2021-06-16 13:42:06 <shapr> I feel like there's a better and/or simpler approach to that.
2021-06-16 13:42:36 dunkeln joins (~dunkeln@94.129.65.28)
2021-06-16 13:43:56 <dminuoso> bmo: AttrParser is an Alternative, so you can use this https://hackage.haskell.org/package/parser-combinators-1.3.0/docs/Control-Monad-Permutations.html
2021-06-16 13:44:13 × aplainzetakind quits (~johndoe@captainludd.powered.by.lunarbnc.net) (Ping timeout: 268 seconds)
2021-06-16 13:45:45 <dminuoso> Im a bit surprised, does AttrParser not do this for you already?
2021-06-16 13:46:49 Tuplanolla joins (~Tuplanoll@91-159-68-239.elisa-laajakaista.fi)
2021-06-16 13:47:07 <dminuoso> Judging from the implementation, the order shouldn't matter.
2021-06-16 13:47:28 <bmo> dminuoso, actually the attributes are valid up to permutation true. I haven't noticed.
2021-06-16 13:47:36 aplainzetakind joins (~johndoe@captainludd.powered.by.lunarbnc.net)

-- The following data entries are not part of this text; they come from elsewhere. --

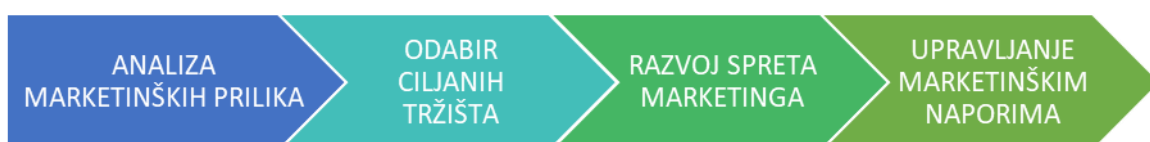
Slika 2: Marketinški proces

Prema Druckeru (1973.) sam marketinški proces odvija se u četiri etape:
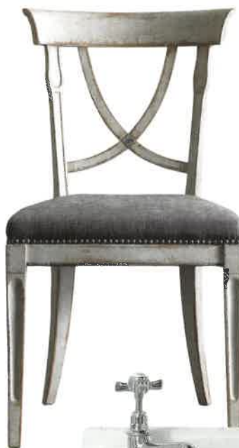
Полежал — теперь можно и посидеть. Именно поэтому в ванной нужен стул, например, от Vittorio Grifoni.
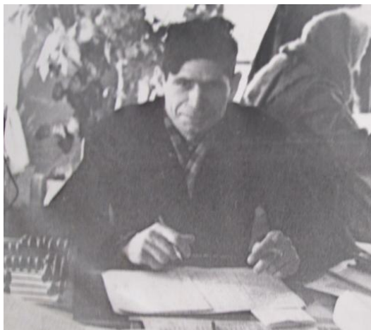
Экономист (1962 г.)
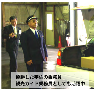
優勝した宇佐の乗務員 観光ガイド乗務員としても活躍中

小倉から豊後高田の9つのエリアで接客マニュアルの完成度を競う競技会が開催されました。初めての雨天により予定変更もあり、毎年連勝していた行橋営業所を破って宇佐営業所が優勝しました。(2019.03.03)
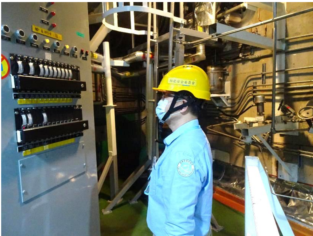
核安會視察員查核1號機輔機廠房設備狀況
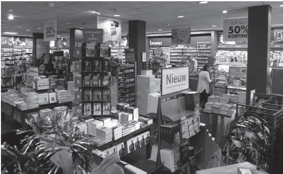
Figuur 8. Interieur van Bruna te Haren.

Het voordeel voor franchisenemers is dat ze de volledige marge ontvangen als een boek in de winkel wordt afgehaald, terwijl ze er relatief weinig werk aan hebben. Het genereert ook extra traffic. Ik realiseer mij dat niet iedereen blij is met de opmars van verkoop via websites. Maar het is niet meer weg te denken. Juist de combinatie van bestellen via internet en het fysiek afhalen met een persoonlijke klantbediening is een belangrijk pluspunt.'
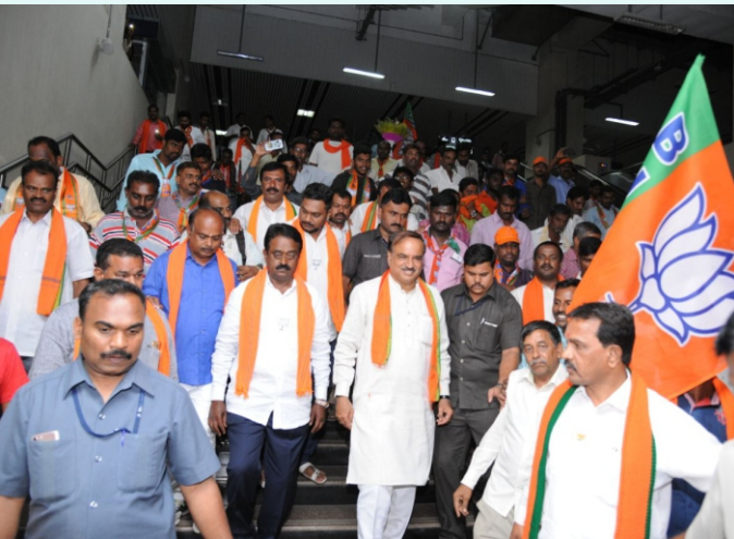
೨೦೧೮ರ ಚುನಾವಣೆಗಳ ಅಂಗವಾಗಿ ಬೆಂಗಳೂರು ಗ್ರಾಮೀಣ ಜಿಲ್ಲೆಯಲ್ಲಿ ನಡೆದ ಪ್ರಚಾರ ಆಂದೋಲನದಲ್ಲಿ ಕಾರ್ಯಕರ್ತರೊಡನೆ
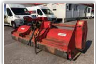
OMARV SHK 300 Mulcher , Bj. 2002, Front- und Heckgerät, Stützwalze, Gleitkufen, Y-Messer, 2.900.- inkl. Verm.
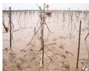
Hình 5: hình dạng và kết cấu của cọc nhựa giữ cây

Sử dụng cọc nhựa giữ cây: trong giai đoạn đầu trồng cây ngập mặn, để bảo vệ cây khỏi bị sóng và dòng chảy ven bờ tác động làm đổ hoặc nghiêng cây, việc sử dụng cọc giữ cây trong giai đoạn đầu là rất quan trọng (hình 5).
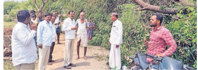
మాటిండ్లలో కూలిపోయిన చెట్టును పరిశీలిస్తున్న బీఆర్ఎస్ నాయకులు, ప్రజాప్రతినిధులు

నారాయణరావుపేట, మే 26: నారాయణరావుపేట, లక్ష్మీదేవిపల్లి, మాటిండ్ల, ఇల్లంపూర్, బంజెరుపల్లి, కొండకాపాపల్లి, గోపులాపురి, జిల్లాపూర్, మల్లాల, గుర్రాలగిరి గ్రామాల్లో శనివారం రాత్రి ఈదురు గాలులతో కూడిన వర్షం పడింది. దీంతో వర్షం ధాటికి విద్యుత్ స్తంభాలు, భారీ వృక్షాలు, ఇండ్లు, పశువుల పాకలు పూర్తిగా దృగ్గోచ్యమయ్యాయి. అధికారులు అధికారులు ఆయా గ్రామాలను సందర్శించి జరిగిన నష్టాన్ని అంచనా వేశారు. అదే విధంగా పలు గ్రామాల్లో బీఆర్ఎస్ నాయకులు సందర్శించి అధికారులు తక్షణమే చర్యలు చేపట్టాలని కోరారు.
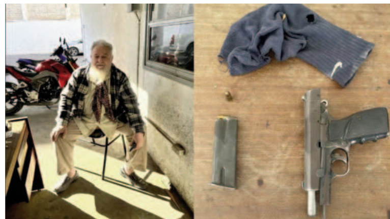
El detenido junto al arma que le secuestraron.

El detenido inicialmente se identificó como integrante de una fuerza policial federal, pero los encargados de la seguridad sospecharon. "Hubo oposición a la aprehensión, pero ya está detenido. Esta persona no poseía documentación que justificara la tenencia del arma. Se ha puesto en conocimiento a las UFI
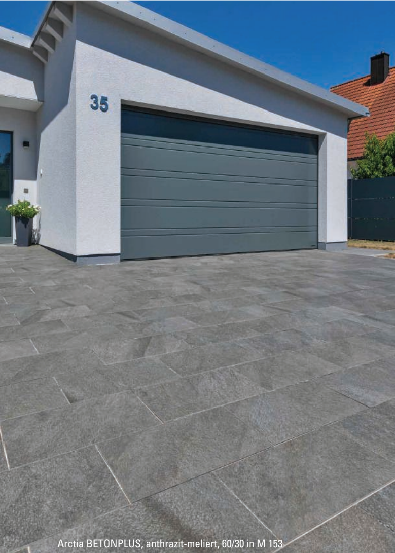
Arctia BETONPLUS, anthrazit-meliert, 60/30 in M 153
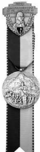
EINZELAUSZEICHNUNG: Kranz oder Kranzkarte
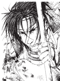
「センゴク」コミック1巻表紙の下絵 ©宮下英樹/スタジオセンゴク
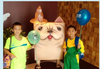
三甲 參訪老楊方城市
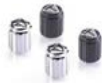
CAPUCHONS DE VALVE - GRAVURE AU LASER CHROME - A2009006 NOIR - A2009036
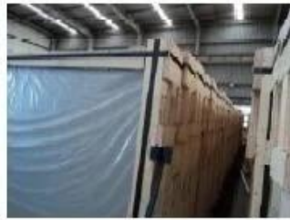
Top of crates
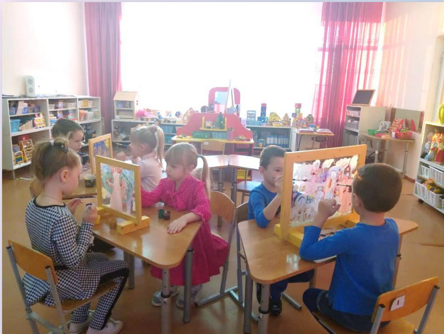
Рисование по сказке «Петух и краски»
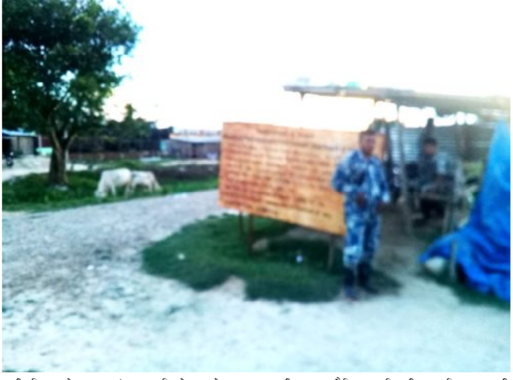
पारी विहारको अन्धरामठ र वारि नेपालको सशस्त्र प्रहरी बल बनैनियामा डियुटीमा खटिएका प्रहरी जवानहरू।

दैनिक समाचारदाता राजविराज, १ भदौ। सप्तरीको बनैनियाँ नाकाबाट लकडाउनको मौका छोपेर राती राती अबैध मालसमानहरू ओसारपोसार हुने गरेको खुलासा भएको छ।
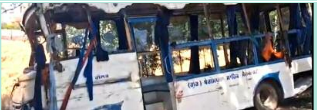
ਸਥਾਨਕ ਲੋਕਾਂ ਨੇ ਤੁਰੰਤ ਬਚਾਅ ਫੋਰਸ ਅਤੇ ਐਂਬੂਲੈਂਸ ਦੇ ਪਹੁੰਚਣ ਕਾਰਜ ਸ਼ੁਰੂ ਕੀਤਾ। ਲੋਕਾਂ ਦਾ ਕਹਿਣਾ ਹੈ ਕਿ ਸੜਕ ਸੁਰੱਖਿਆ ਰਾਹਤ ਕਾਰਜਾਂ ਵਿੱਚ ਰੁਕਾਵਟ

ਅਨੁਸਾਰ ਨਜ਼ਦੀਕੀ ਪਿੰਡ ਭਟੇੜੀ ਨੇੜੇ ਇਹ ਹਾਦਸਾ ਉਸ ਵੇਲੇ ਵਾਪਰਿਆ ਜਦੋਂ ਵਿਸਾਖੀ ਦੇ ਪਵਿੱਤਰ ਦਿਹਾੜੇ ਮੌਕੇ ਸ਼੍ਰੀ ਆਨੰਦਪੁਰ ਸਾਹਿਬ ਤੋਂ ਨਤਮਸਤਕ ਹੋ ਕੇ ਵਾਪਸ ਆ ਰਹੀ ਸੰਗਤ ਦੀ ਭਰੀ ਬੱਸ ਤਕਨੀਕੀ ਖਰਾਬੀ ਕਾਰਨ ਬੇਕਾਬੂ ਹੋ ਗਈ ਅਤੇ ਦਰੱਖਤ ਨਾਲ ਜਾ ਟਕਰਾਈ। ਹਾਦਸੇ ਤੋਂ ਬਾਅਦ

2021-06-16 13:48:05 <dminuoso> So when you said "breaks", is that what you think it happens?
2021-06-16 13:48:08 <dminuoso> Have you actually tried it?
2021-06-16 13:48:29 <bmo> But my problem is with actual tags. So I have `<e> <p>x</p> <t>y</t> </e>` but sometimes `<e> <t>y</t> <p>x</p> </e>`
2021-06-16 13:49:08 <bmo> dminuoso, I just tested permuting the attributes and that works. But the permuted tags don't which, in hindsight, is expected
2021-06-16 13:49:12 eggplantade joins (~Eggplanta@2600:1700:bef1:5e10:cded:c7cb:4d63:a64a)
2021-06-16 13:49:13 <dminuoso> Ahh
2021-06-16 13:49:15 <shapr> Hm, I think I'll convert the "get all files in all subdirectories" function into something that could run in a bunch of threads, just to see if that's faster.
2021-06-16 13:49:29 <dminuoso> bmo: Yeah I dont think permutation on tags can reasonably work in conduit-xml
2021-06-16 13:49:34 <shapr> I've read NVMe drives work best with a deep queue of requests
2021-06-16 13:49:42 <maerwald> shapr: threading over filesystem operations? :>
2021-06-16 13:49:52 <dminuoso> bmo: For starters, what does "permutation" even mean? A naive take on XML is that it's a tree.
2021-06-16 13:50:38 muto joins (~muto@d75-159-225-7.abhsia.telus.net)
2021-06-16 13:50:46 <shapr> maerwald: yeah, I think it could speed up reading a bunch of files to check for duplicates
2021-06-16 13:51:10 <shapr> maerwald: I'm also slowly working my way towards this kind of thing: https://www.tbray.org/ongoing/When/202x/2021/03/27/Topfew-and-Amdahl
2021-06-16 13:51:16 × oo_miguel quits (~pi@89-72-187-203.dynamic.chello.pl) (Quit: WeeChat 2.3)
2021-06-16 13:51:19 × sbmsr quits (~pi@104-6-130-18.lightspeed.miamfl.sbcglobal.net) (Ping timeout: 272 seconds)
2021-06-16 13:51:20 <bmo> Well within an `<e>` (I'm just using abbreviations of that example I gave) "fields" are sometimes permuted, ie. not in a particular order
2021-06-16 13:51:28 <shapr> that is, a count min sketch on top of Apache logs
2021-06-16 13:51:40 <bmo> Luckily the leaves in such an `<e>` are always small, so the wouldn't nest further.
2021-06-16 13:51:59 <shapr> maerwald: at least for that post, reading multiple pieces of a large file in different threads was faster
2021-06-16 13:52:23 ddellacosta joins (~ddellacos@86.106.121.100)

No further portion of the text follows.